Клэренс не выдержала гнетущего молчания за ужином, когда глаза всех, кто сидел за столами, невольно устремлялись к трем пустым местам в середине главного стола. Она незаметно ускользнула из трапезной и поспешила к брату. Неслышно открыв дверь, она увидела Робина. Он сидел на скамье, привалившись спиной и прижавшись затылком к стене, сложив руки на груди и вытянув ноги на стул, стоявший рядом. Его лицо было спокойным, глаза закрыты, и, если бы Клэренс не знала, что это невозможно, она подумала бы, что Робин спит. Но, конечно, он не спал и, услышав скрип двери, открыл глаза и молча посмотрел на сестру.

– Можно к тебе? – тихо спросила Клэренс.

Робин глубоко вздохнул и поднялся на ноги.

– Входи!

Она опустилась на скамью и неотрывно смотрела на Робина, который достал из ниши в стене шкатулку с письменными принадлежностями. Разложив на столе чистый лист пергамента, он придавил его по краям, сел за стол и стал что-то писать. Украдкой посмотрев на строчки, выходившие из-под быстрого пера, Клэренс увидела, что Робин пишет по-французски, но не смогла прочитать слов, перевернутых для нее, сидевшей напротив.
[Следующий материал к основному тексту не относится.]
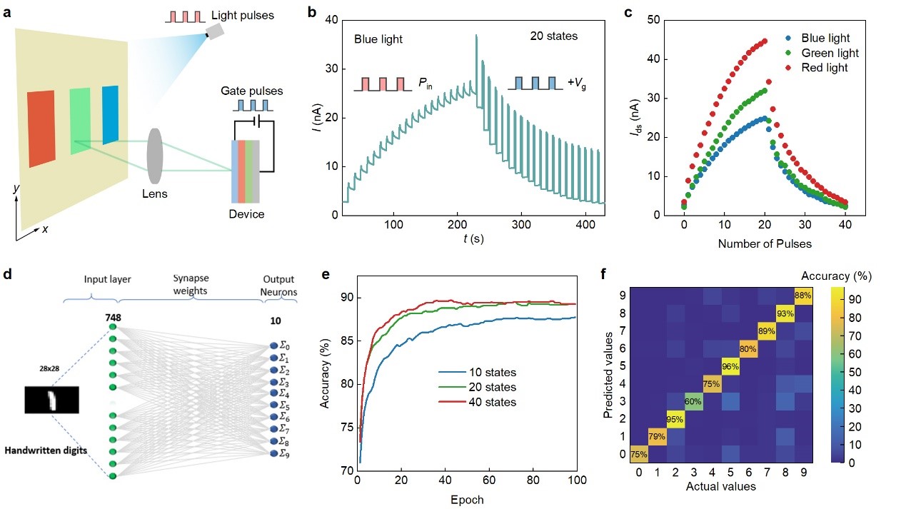 圖4. 范德華光譜儀神經形態計算功能展示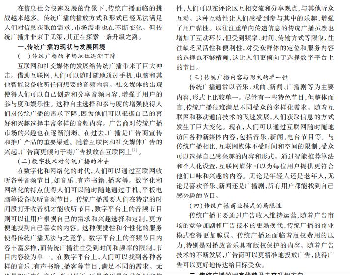 随着科技的不断进步,传统广播面临着突破与革新的挑战。在过去的几十年里,广播一直是人们获取信息 和娱乐的重要方式之一。随着互联网和智能手机的普及,人们的收听习惯和需求发生了巨大转变。为适应这种变化, 传统广播需要升级,结合新兴技术为听众提供更好的服务。

– Не молчи! – сказала она, переводя взгляд на склоненную над пергаментом голову Робина. – Почему ты всегда прячешь душу, когда тебе тяжело?

– Что ты хочешь узнать? – осведомился Робин. – Что я сейчас чувствую?

Он поднял голову, и, встретившись с его глазами, обычно такими непроницаемыми, Клэренс увидела, какие они сейчас беззащитные перед невыносимой болью, затопившей все его сердце. Глядя в его потемневшие глаза, в которых трепетал отблеск свечных огоньков, Клэренс почувствовала, как на ее глаза навернулись слезы.

– Пожалуйста, не плачь. Хотя бы ты, – попросил Робин, вновь опустив взгляд на пергамент.

Закончив писать, он подождал, пока чернила высохнут, и скатал пергамент в свиток. Клэренс, не зная, как утешить брата, отвела взгляд в сторону и вздрогнула, ослепленная пронзительным мерцанием аквамарина, синева которого сгустилась почти до черного цвета. Она осторожно прикоснулась к нему и отдернула руку: кристалл обжег ее холодом.

– Что с ним?!

– Предупреждает, что Марианна в опасности, – ответил Робин. – Чем сильнее опасность, тем больше сгущается цвет аквамарина, а сам он становится холоднее.

– А если? – и она замолчала, не в силах договорить, но Робин понял ее:

– Тогда он рассыплется в пыль.

Достав из шкатулки сургуч и одну из печатей, Робин запечатал свиток и поднялся из-за стола. В его движениях чувствовалась решимость, которая испугала Клэренс.

– Что ты намерен делать? – спросила она, затаив дыхание и не спуская насторожившихся глаз с Робина.

– Ехать в Ноттингем, – не оборачиваясь к ней, ответил он.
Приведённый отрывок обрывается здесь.